Time plays a big role in programming—whether you’re tracking when a file was updated or delaying code execution. Python provides powerful tools for working with date and time, mainly through the time and calendar modules.

time.time(): Ticks Since Epoch

Python tracks time in seconds since January 1, 1970 (Epoch time).

				
					import time
print(time.time())

				
			

Output:

				
					1720154981.6328802

				
			

This number is known as a tick—a floating point value counting seconds since the epoch.
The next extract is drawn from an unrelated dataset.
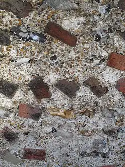 Bungaroosh (also spelt bungeroosh and other variations[1][2]) is a composite building material used almost exclusively in the English seaside resort of Brighton, the neighbouring town of Hove and in the coastal Sussex area. The etymology of the word is unknown.[2] Its use dates from the start of the Regency period at the end of the 18th century, and into the 19th when Brighton grew from a fishing village into a large town.[3] Bungaroosh is often found in buildings of that era in the town and in its near neighbours Worthing and Lewes[4] but is little known elsewhere except London.[3] It was a building material first introduced by the Romans and has characteristics of that era.[3][4] It can incorporate any of a wide variety of substances and materials and is used most often in external walls.[1][5]
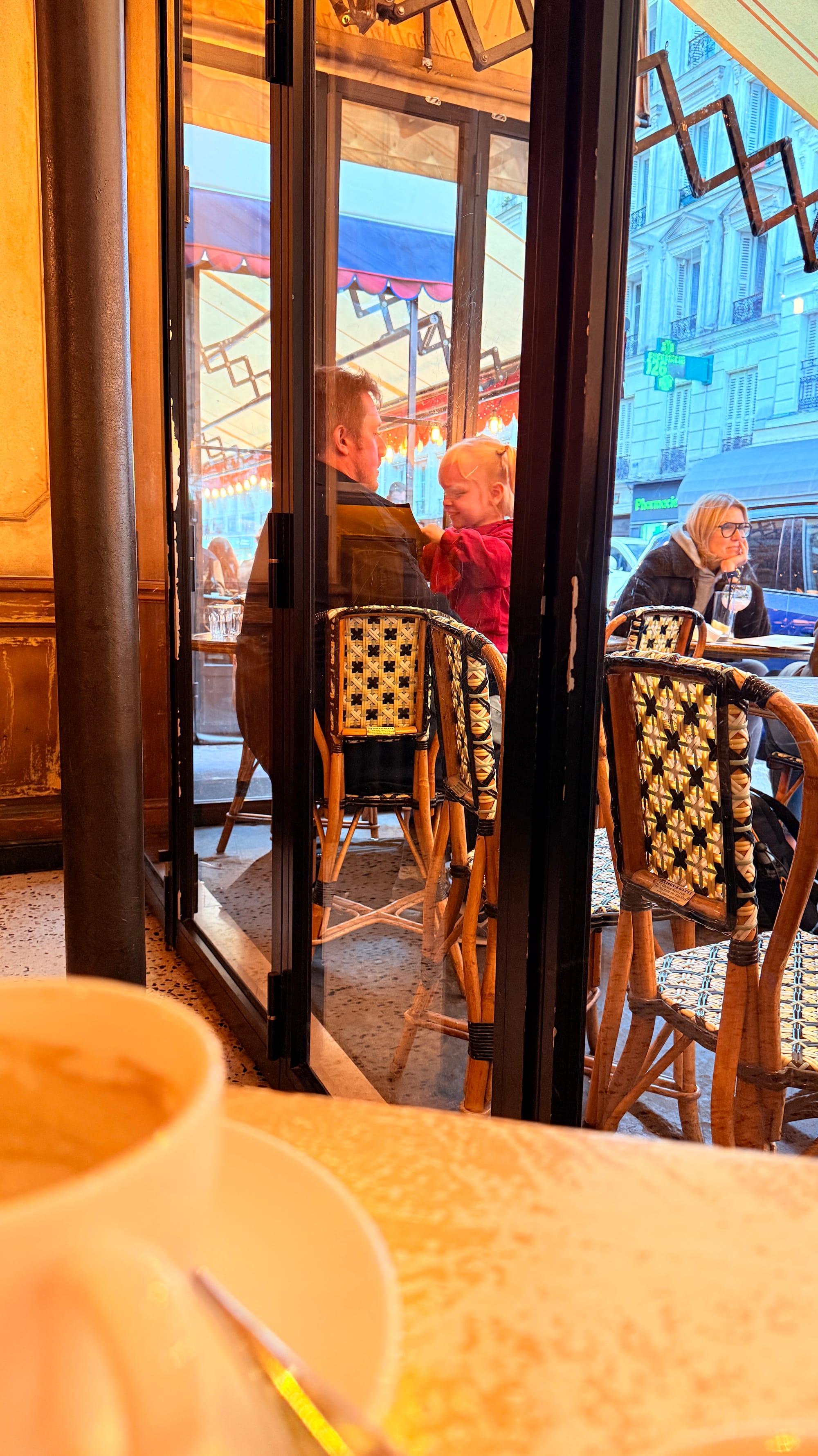 C’est la petite gamine qui se réfugie dans les bras de son papa dans un café de Montmartre

Human-Readable Time with time.ctime()

To see the current time in a readable format:

				
					import time
print(time.ctime())


				
			

Output:

				
					Fri Jul 05 14:29:41 2025

				
			

time.sleep(): Pause the Code

You can pause the program for a few seconds using sleep():

				
					import time
print("Wait for 3 seconds...")
time.sleep(3)
print("Done waiting!")

				
			

Output:

				
					Wait for 3 seconds...
Done waiting!

				
			

Working with struct_time

Python represents time as a struct_time object with 9 fields:

IndexFieldExampleDescription
0tm_year2025Year
1tm_mon7Month (1–12)
2tm_mday5Day of the month
3tm_hour14Hour (0–23)
4tm_min29Minute (0–59)
5tm_sec41Second (0–61)
6tm_wday5Day of week (Mon=0)
7tm_yday186Day of year (1–366)
8tm_isdst0Daylight Saving Time

Local Time – time.localtime()

Returns the local time in struct_time form.

				
					import time
print(time.localtime(1720154981.6328802))


				
			

Output:

				
					time.struct_time(tm_year=2025, tm_mon=7, tm_mday=5, tm_hour=14, tm_min=29, tm_sec=41, tm_wday=5, tm_yday=186, tm_isdst=0)

				
			

UTC Time – time.gmtime()

Returns UTC time (not your local time):

				
					import time
print(time.gmtime(1720154981.6328802))

				
			

Output:

				
					time.struct_time(tm_year=2025, tm_mon=7, tm_mday=5, tm_hour=9, tm_min=29, tm_sec=41, tm_wday=5, tm_yday=186, tm_isdst=0)

				
			

time.mktime(): Convert to Epoch Time

Converts a local struct_time to ticks (seconds since epoch):

				
					import time
my_time = (2025, 7, 5, 14, 0, 0, 5, 186, 0)
print(time.mktime(my_time))

				
			

Output:

				
					1720154400.0

				
			

time.asctime(): struct_time → String

Converts a struct_time to a string format:

				
					import time
my_time = (2025, 7, 5, 14, 0, 0, 5, 186, 0)
print(time.asctime(my_time))

				
			

Output:

				
					Sat Jul  5 14:00:00 2025

				
			

time.strptime(): String → struct_time

Parses a date string into a struct_time:

				
					import time
date_str = "5 July, 2025"
print(time.strptime(date_str, "%d %B, %Y"))

				
			

Output:

				
					time.struct_time(tm_year=2025, tm_mon=7, tm_mday=5, tm_hour=0, tm_min=0, tm_sec=0, tm_wday=5, tm_yday=186, tm_isdst=-1)

				
			

Calendar Module

Want to print a calendar for a full month?

				
					import calendar
print(calendar.month(2025, 7))

				
			

Output:

				
					     July 2025
Mo Tu We Th Fr Sa Su
    1  2  3  4  5  6
 7  8  9 10 11 12 13
14 15 16 17 18 19 20
21 22 23 24 25 26 27
28 29 30 31

				
			

Summary

  • Use the time module to get and format current or specific time.

  • Use calendar to generate and display calendar views.

  • You can convert between timestamps, human-readable formats, and structured time formats.

Keep this lesson in your toolbox—you’ll need it often when working with logs, delays, or time tracking in Python projects.